4. The clincher: the deployment matrix

Read the Wasm axis and the distribution axis together. Rust yields a native single binary and an in-browser playground from one codebase — compile the runtime to Wasm and drive SQLite via a Wasm build. That serves the prototype mission directly: a playable contract you share as a URL, no install — while honoring “one binary, boring underneath” (RFD 0002, “The v0 cut”). OCaml gives the native binary with a weak browser story; TypeScript gives the browser with a weak native story. Rust uniquely spans the whole matrix, and README path 3 was already pointing here.

5. Rejected, with reasons

  • Go. Trivial binaries and great HTTP, but no sum types and no pattern matching. Spock’s checker is, at heart, one giant exhaustive match over a closed transition space (RFD 0002, “the atom”); Go fights exactly the code that is Spock’s novelty.
  • Scala 3 + GraalVM Truffle. The most literal “framework for building languages,” strong ADTs, a free JIT — and a JVM footprint that fights the one-small-binary doctrine.
  • Haskell. A-maximal but nicher than OCaml, and laziness complicates a product runtime. For a combined compiler-plus-runtime, OCaml dominates it — and OCaml already lost to Rust here.
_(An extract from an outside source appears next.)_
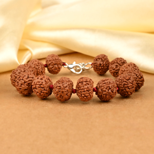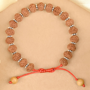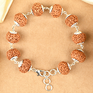 Handcrafted bracelets made of natural 8 mukhi Rudraksha beads from Java. 8 Mukhi Rudraksha is ruled by Lord Ganesha and is worn for success in all undertakings, stability, willpower, support and enhanced wisdom and intellect. Our bracelets are creatively designed in silver and adjustable thread by our team of skilled artisans in accordance to our well-researched stringing method which ensures quick results. These bracelets are best worn regularly to derive optimum results.

Decision: Rust. Escape routes, should the weights change: OCaml if front-end purity comes to dominate a hand-rolled runtime; TypeScript if npm reach and iteration speed outrank the fast binary and the totality-checked core.

Open questions

  • Playground timing — shared with RFD 0006’s closing question: commit to the Rust→Wasm same-codebase playground now (it constrains early architecture) or defer.
  • Language server timing — the IR-first build order (RFD 0005, §1) makes an LSP late by construction; decide when it earns a slot.
  • The second implementation’s language. RFD 0006 makes spock2sql the second conforming implementation. Should a reference implementation ever be written in a deliberately different host language, so the spec — not shared code — is what carries the semantics?